An Egyptian-proposed plan for an international conference to lay the groundwork for a Middle East free of weapons of mass destruction was agreed in 2010, co-sponsored by Russia, the United States, and Britain.
But Washington said it would be delayed just before it was due to be held late last year, and no new date has been announced.

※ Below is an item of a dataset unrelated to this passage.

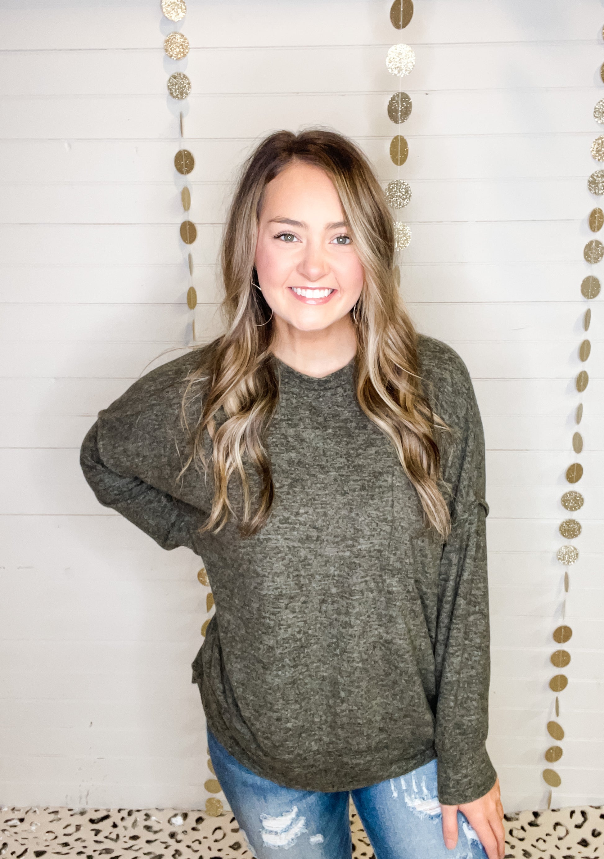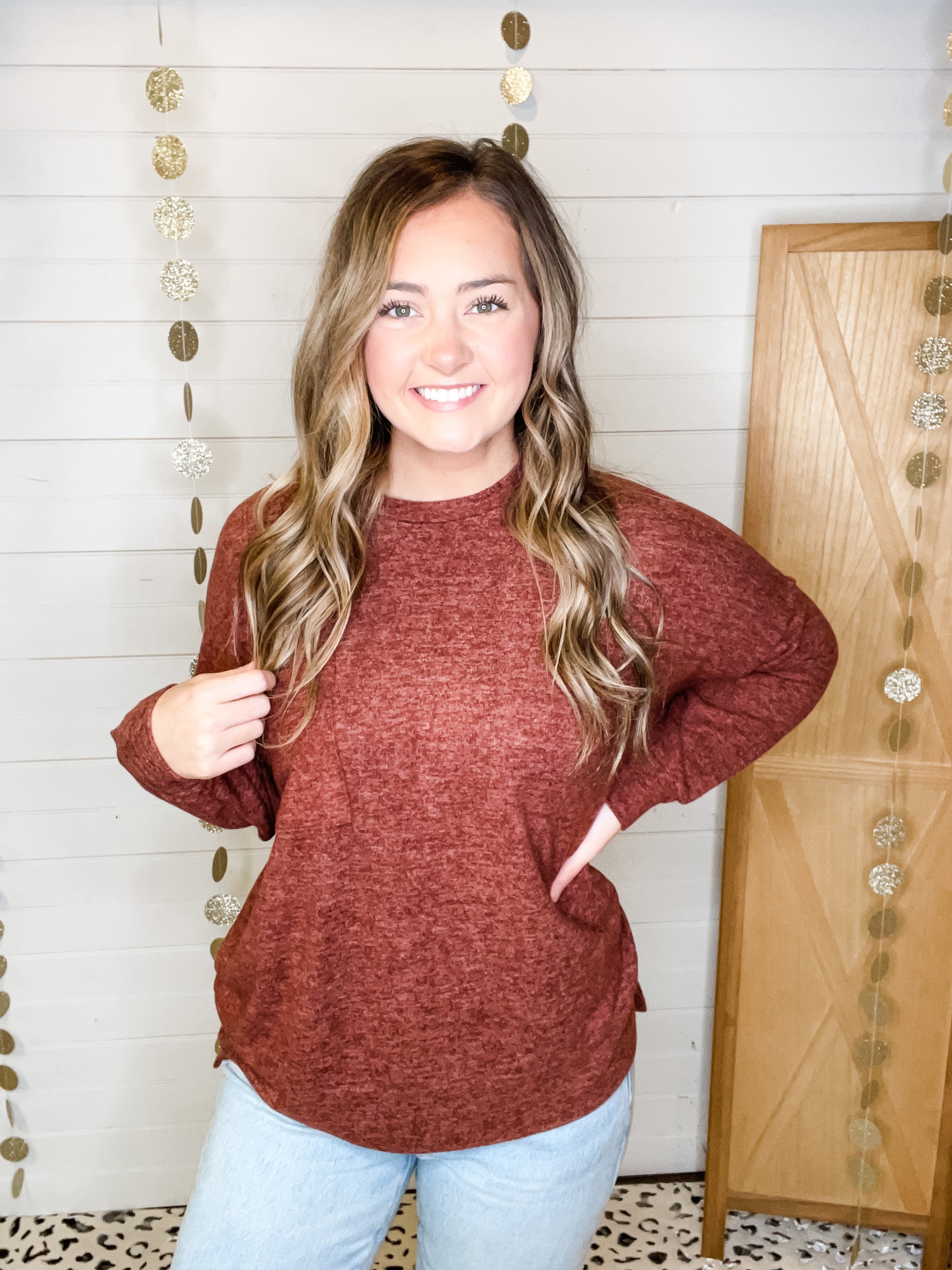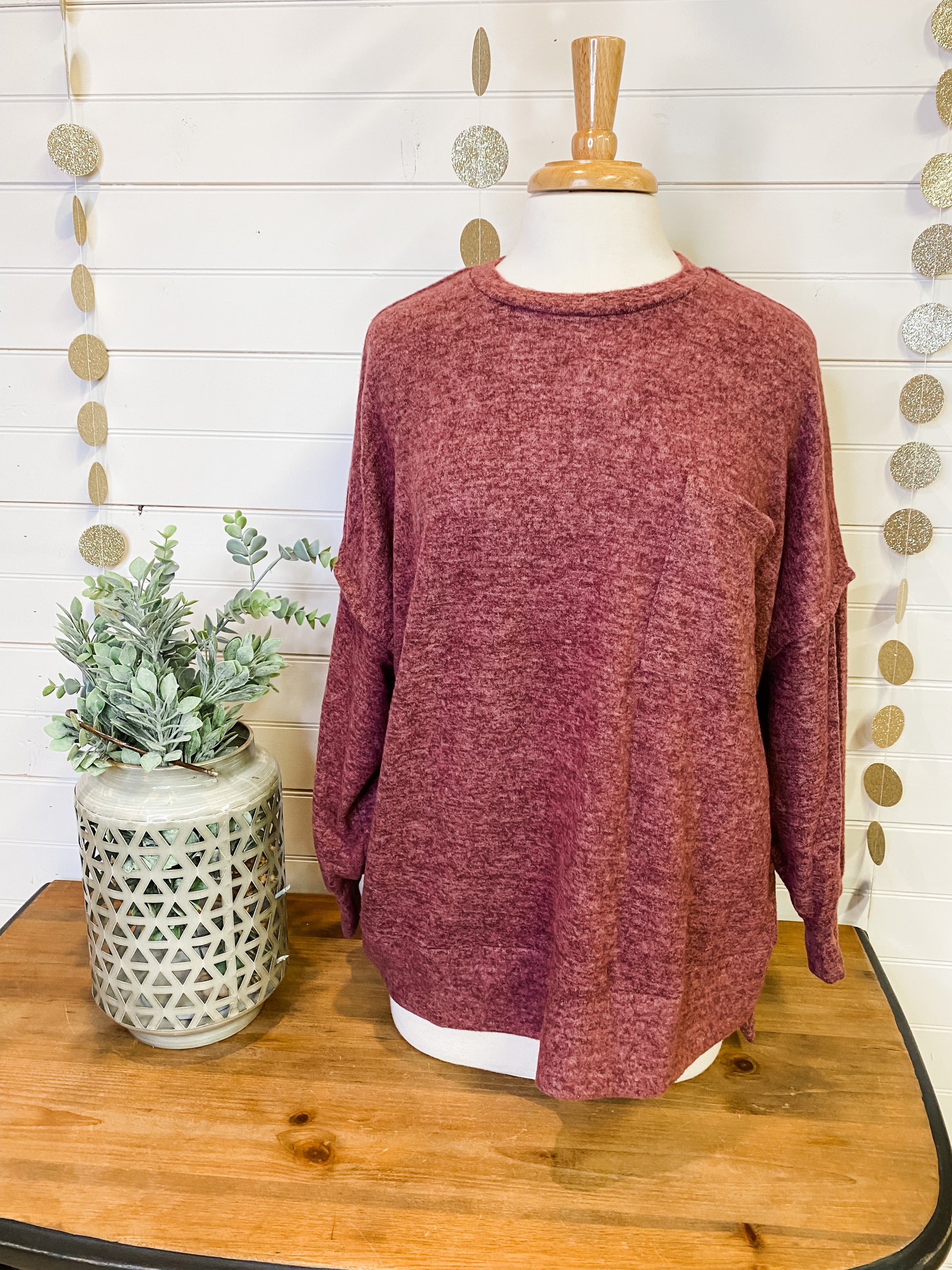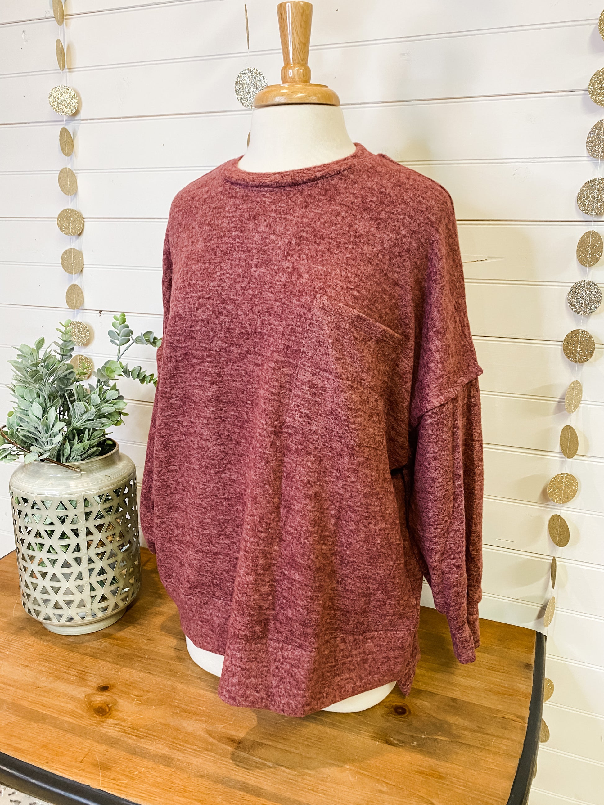 A brushed mélange drop shoulder oversized sweater with seam accents on sleeve and back with hi-low hem, flat chest pocket and soft fabric.

Britain, another sponsor, has said it hopes it can still take place in 2013.
The June election of Hassan Rouhani, a pragmatist who has pledged to try to resolve the decade-old dispute over Tehran's atomic activities, as new Iranian president has raised hopes of a peaceful settlement with world powers.
Iran and the United States, France, Britain, Germany, China, and Russia are to hold a new round of negotiations in Geneva on Thursday and Friday.
Israel has warned against what it calls an Iranian "charm offensive" and accuses Tehran of diplomatic stalling while it builds up the capability to produce nuclear weaponry.
The Israeli official, speaking in Jerusalem on Monday, described the Nov. 2 meeting as a "preparatory session, of sorts," ahead of the planned Middle East conference.
"There were no contacts between our representative and Arab or Iranian representatives, not direct nor indirect. The meeting was mainly technical," the Israeli official said. "The conference itself has not yet been scheduled. As far as we are concerned, it is important to uphold the principle that any resolution be accepted with full consensus."